(Items from a data source)
########
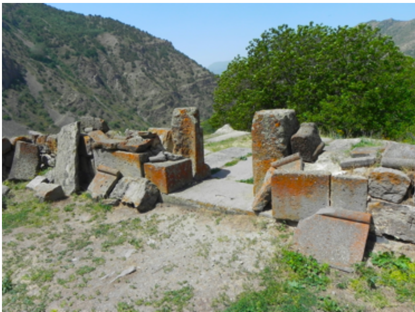
39. Գավթի շքամուտքի ներքին տեսքը
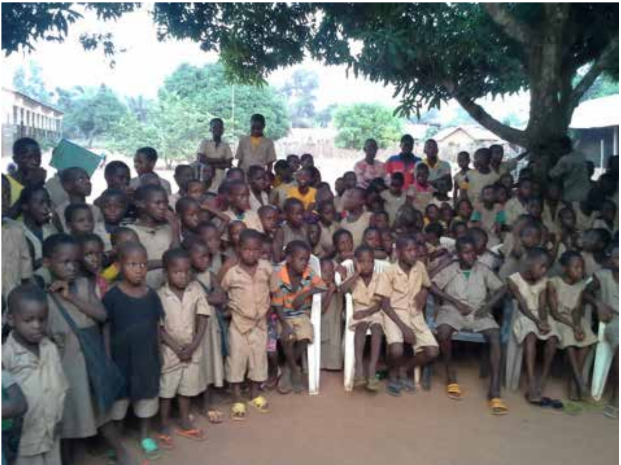
Les enfants réunis pour la fête
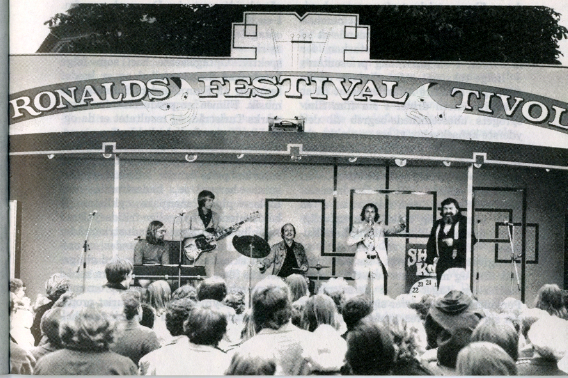
Danmark A + B

Fælles for PHs, Brydesen-Rifbjerg-Ørstedes og Refns Danmarksfilm er, at de nok er kunstnerisk ambitiøse og personlige Danmarksbilleder, men samtidig bekender sig til turistfilmens og den oplysende films traditioner. Alle tre giver et i bogstavelig forstand overfladisk billede af Danmark. Danmark er i filme-
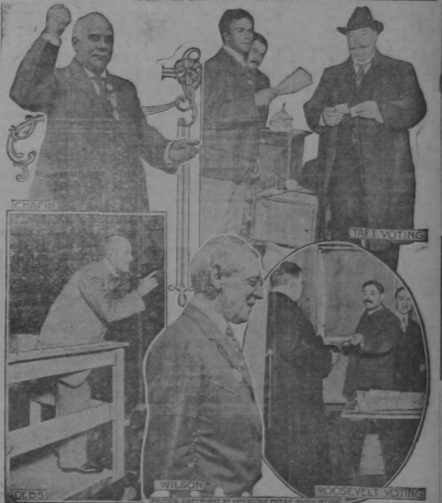
EJERCITANDO EL SUFRAGIO

Taft, Roosevelt y Wilson en el momento de depositar su voto
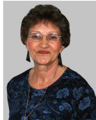
Dyrektor Oddziału w Mszczonowie

Serdecznie zapraszamy do naszej Filii w Żabiej Woli oraz do pozostałych placówek Banku.
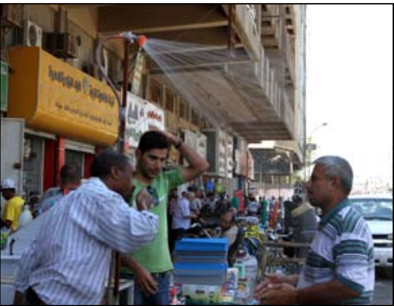
مواطنون يبردون اجسامهم بالماء، تقادياً لارتفاع درجات الحرارة
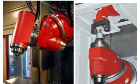
TBA4 avec ELBR DMDU
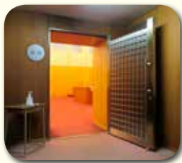
扉を開放し常時換気
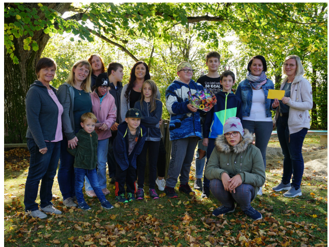
Spendenübergabe KFB Benefizkaffee Erntedank
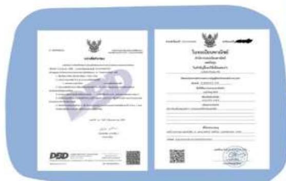
ตัวอย่างหนังสือจดทะเบียนบริษัท และ ใบทะเบียนพาณิชย์
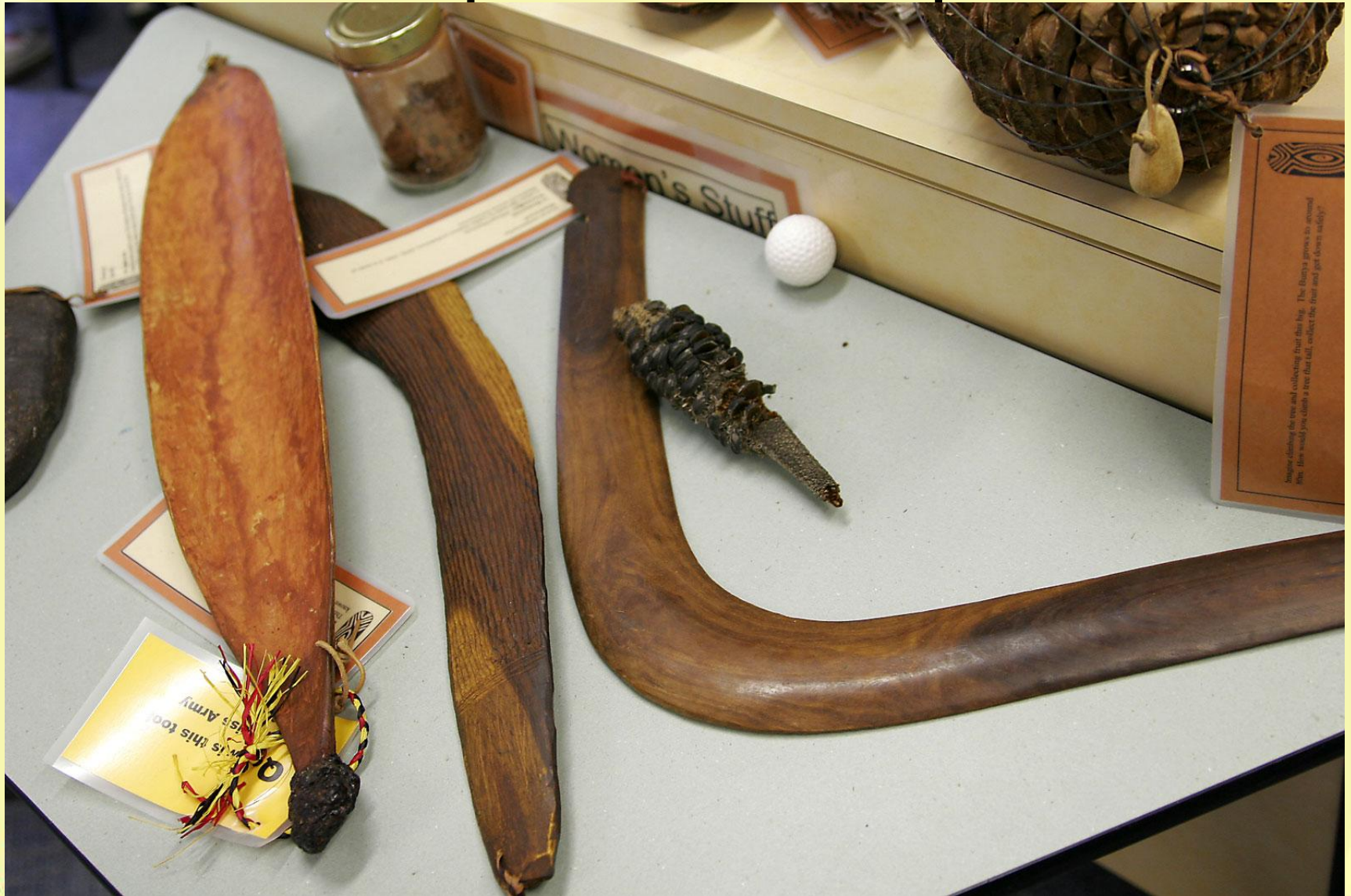
Оружие аборигенов - бумеранг
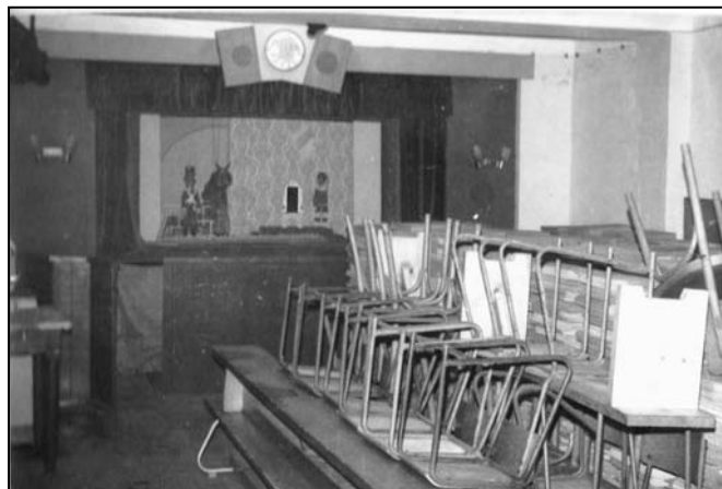
Eternitové tašky v sále divadla (stav z května r. 1979).
########
— About this task —
Above are the records; please give again, exactly and in full, only the lines that run from the line with "Fælles for PHs, Brydesen-Rifbjerg-Ørstedes" through the line with "Serdecznie zapraszamy do", with no pictures.

— The answer —
Fælles for PHs, Brydesen-Rifbjerg-Ørstedes og Refns Danmarksfilm er, at de nok er kunstnerisk ambitiøse og personlige Danmarksbilleder, men samtidig bekender sig til turistfilmens og den oplysende films traditioner. Alle tre giver et i bogstavelig forstand overfladisk billede af Danmark. Danmark er i filme-
EJERCITANDO EL SUFRAGIO

Taft, Roosevelt y Wilson en el momento de depositar su voto
Dyrektor Oddziału w Mszczonowie

Serdecznie zapraszamy do naszej Filii w Żabiej Woli oraz do pozostałych placówek Banku.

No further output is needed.